Alrededor de ciento cincuenta inmigrantes han desaparecido frente a la costa italiana después de que un bote procedente del norte de África volcara frente a la isla de Lampedusa. Entre quince y veinte cuerpos han sido avistados y otras cuarenta y ocho personas han sido rescatadas por los efectivos de salvamento.
Roma, 2014.
El hambre y la búsqueda de un lugar sin ruido, un lugar en paz. Cientos de miles de personas salían de los márgenes de la tierra firme para enfrentarse a los interrogantes de los océanos. La imagen de un zapato vomitado por el mar en una playa, que había representado la metáfora de la crueldad, fue sustituida por otra más sangrante de cuerpos de menores ahogados en las orillas. Todo se recogería con unos guantes de goma. Del cementerio de barcos en la costa de la muerte, los traficantes robaban las carcasas para sacar a seres humanos de la costa occidental africana. En el otro extremo, creyendo que habitaban un suelo firme, estaban la demagogia y el olvido. Tampoco los twitts flotando por el mundo detenían la tragedia ni paralizaban la barbarie. En una estancia en Florencia, Adrianus había escuchado que algunas personas se sentían más orgullosas por las vidas salvadas que por sus museos y la cúpula de Santa María de la Fiore. Quizás todavía quedaba algo de humanidad escondida tras los escombros de barro.
El cardenal pensó en la reunión que tendría en tan solo unas horas acompañando al sumo pontífice. Un magnate de la soja llegaba desde Argentina para buscar apoyo a su causa. En la carta le explicaba que ambas instituciones compartían el objetivo de querer acabar con el hambre en el mundo y que solo el agronegocio podría solucionar el problema: “Le damos de comer a más gente de forma barata”- le había escrito-, “trabajamos para alimentar a quienes todos ignoran”.
Adrianus de Utrecht había preparado un informe para el Papa con algunos datos para que pensara en las falacias contenidas en aquella defensa, producto de una campaña de imagen bien calculada para contrarrestar las críticas de la comunidad científica y de las organizaciones de agroecología. Pero lo hizo discretamente, analizando pros y contras. Sabía, por las informaciones que le había enviado Helena, del malestar de quienes contaban con pequeños y medianos terrenos dedicados a la agricultura en la región. El daño para el medio ambiente y el riesgo potencial para la salud de las semillas transgénicas, así como el uso abundante de agroquímicos y el monocultivo que degradaba los nutrientes de la tierra, no eran muy bien vistos por las oenegés y los movimientos ecologistas.

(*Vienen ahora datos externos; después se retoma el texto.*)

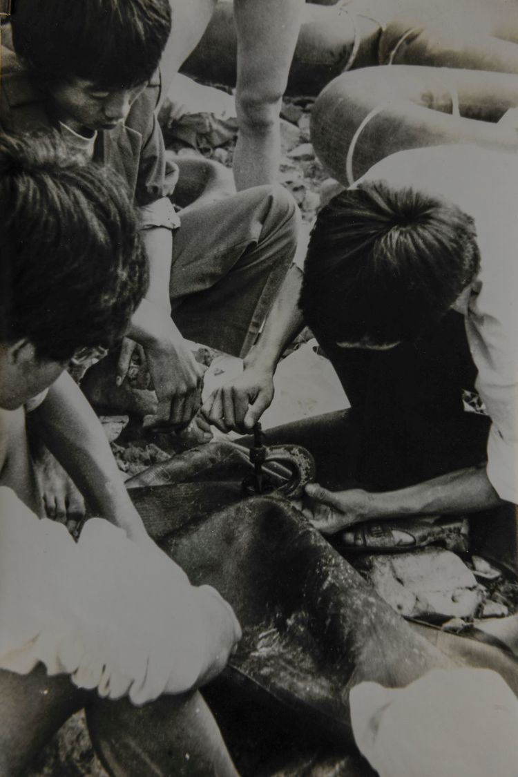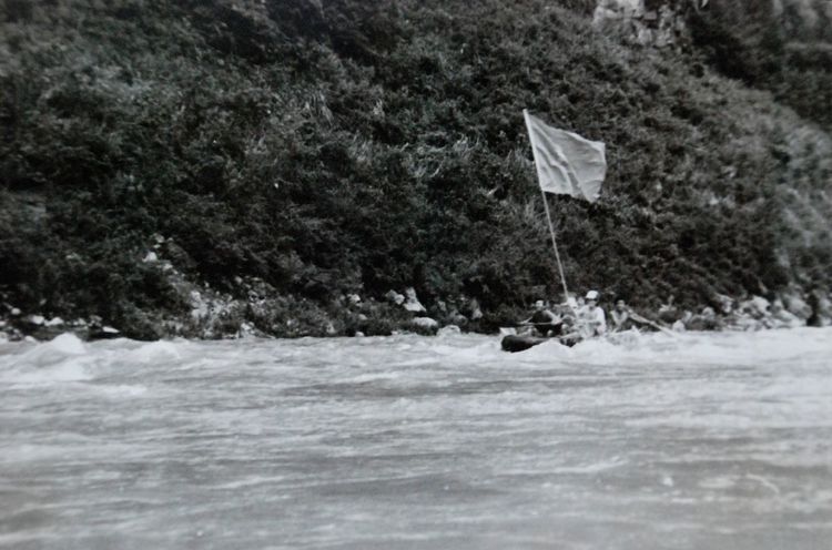 秦自华声音有些颤抖地说:“漂流艇倒扣时,我挎在腰间的军刀刀鞘跌落到河里,刀尖撞到了我右腿的腕关节,划了一条近一寸的口子。出于本能,我也顾不得这样多,憋住气,手脚并用,使劲往上划,只想钻出水面。门槛岩浪下都是卷水浪,我好不容易挣出水面,喷出憋了好久的气,刚换上一口,又被卷浪拖入河底。这样折腾三次,我们拼尽了全力,才摆脱卷浪,游到艇边,爬上了已翻转身的艇上。幸亏水性好!差一点没有换过气来!好惊险啊!

Adrianus había adjuntado además detalles sobre el dinero que el magnate gastó para hacer campaña con otros grandes terratenientes en contra de la Declaración Universal de Bioética y de Derechos Humanos, promovida por la Unesco. No querían que países de menor desarrollo relativo contaran con laboratorios para detectar alimentos modificados genéticamente. También le proporcionó algunos antecedentes de la relación del magnate con el poder económico en el ConoSur y cómo estaba moviendo las fichas. Había habido algunos choques con el gobierno de su país por no estar de acuerdo con las retenciones impositivas del 35% que se hacía a las exportaciones de granos.
Finalmente, conociendo la intolerancia religiosa del pontífice, Adrianus no quiso pasar por alto, la ascendencia judía del argentino.

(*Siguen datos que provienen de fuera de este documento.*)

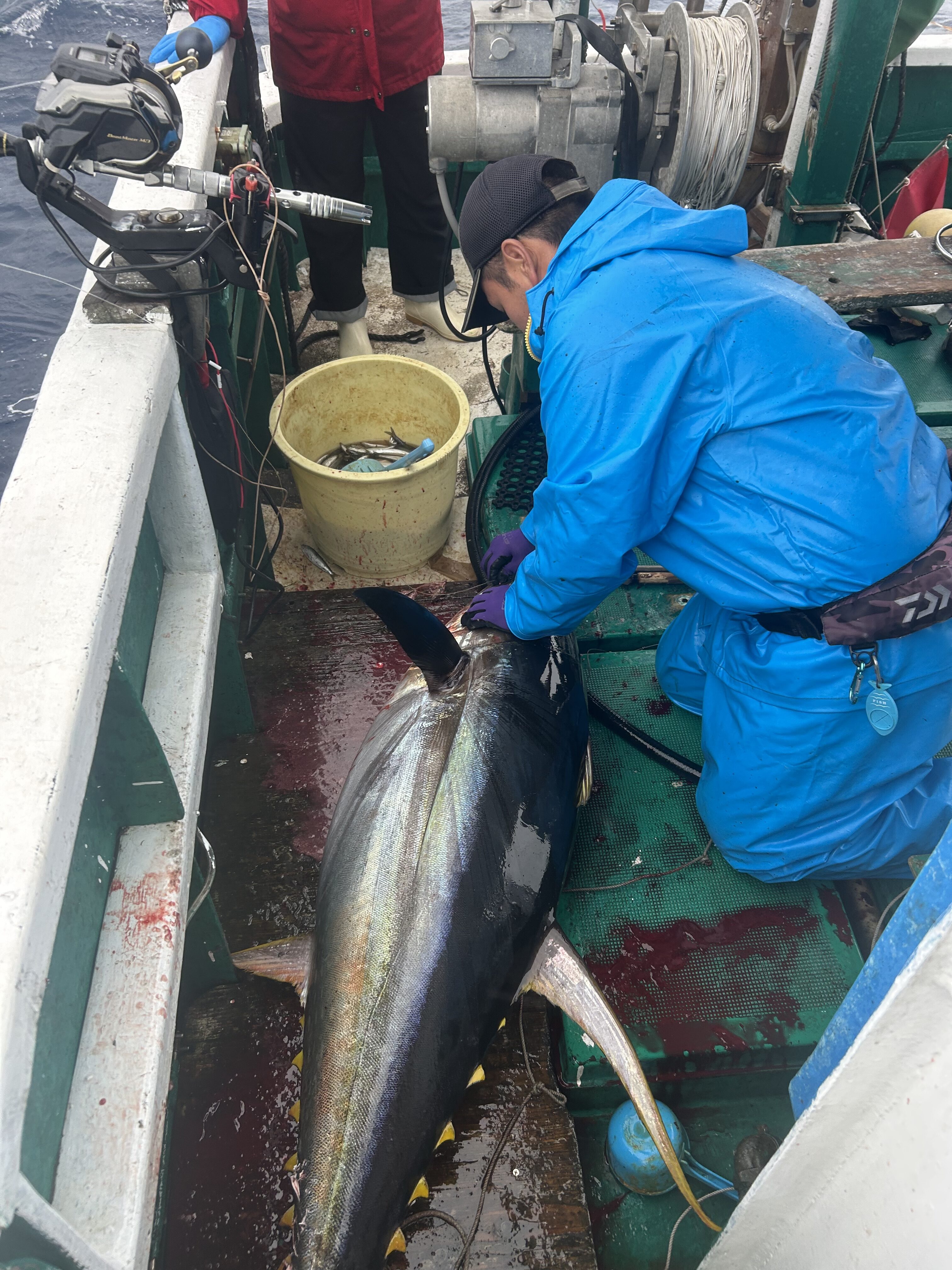 2025.10.13 印刷する キハダマグロふかせ 魚種 キハダマグロ 釣り方 ☆その他海釣り 場所 和歌山県 天候 雨 スタッフ 森下章広 店舗 関西 本社 釣行日 2025.10.12 コメント 今日はキハダマグロのふかせ釣りにチャレンジです。 見よう見まねで道具を揃え、時期がくれば定期的に通いたいと思っています。 今日は生憎の空模様で、釣りの最中に雨が降る予報です。 早速道具を用意し開始です。 まずはイワシを撒き、それに同調させるように仕掛けを流していきます。 途中糸が走る当たりがありましたが、これはシイラでした。そんな中、同船していたお客様に何やら大物がヒット!97mでヒットし、160mまで走られたようで、ここから慎重にやり取りがはじまします。 苦労の末に上がってきたのは、でっぷり太ったキハダマグロで本命です。 途中急に軽くなったということでしたが、あがった魚は尻尾がサメに喰われていて、途中で尻尾が無くなったので、急に軽くなったとのこと。 一緒に行っていた高井田店奥代店長が取り込みから絞め、えら、内臓の取り除きを全てやってあげ、手慣れた様子にお客様も大変感謝されていました。本当に頼もしい限りです。 結局この日はこの1本に終わりましたが、また機会を見てフカセにチャレンジしたいとおもいます。 使用した釣具 竿 バトルシップ 200ー400 2m リール シマノ ビーストマスター6000

“¿Visión criolla del demonio?” -le había preguntado el Papa-, “¿así le llaman?”. Cees tuvo que poner algunos paños calientes, aunque no se guardó la retahíla que había preparado concienzudamente para crearle las suficientes dudas: la soja sembrada en Argentina, Brasil, Uruguay y Paraguay no siempre iba acompañada de la imagen amable de los beneficios que procuraba el crecimiento económico. Solo en Argentina ocupaba el 53% de la tierra cultivada, casi en su totalidad para exportar y, desde mediados de los noventa, las semillas eran transgénicas. La utilización de agroquímicos había aumentado y el herbicida más vendido era el glifosato, cancerígeno patentado por Monsanto en 1970. Se lo deletreó dos veces al pontífice para que no se olvidara de su nombre: G-L-I-F-O-S-A-T-O. Tras caducar la patente, cientos de empresas lo fabricaban.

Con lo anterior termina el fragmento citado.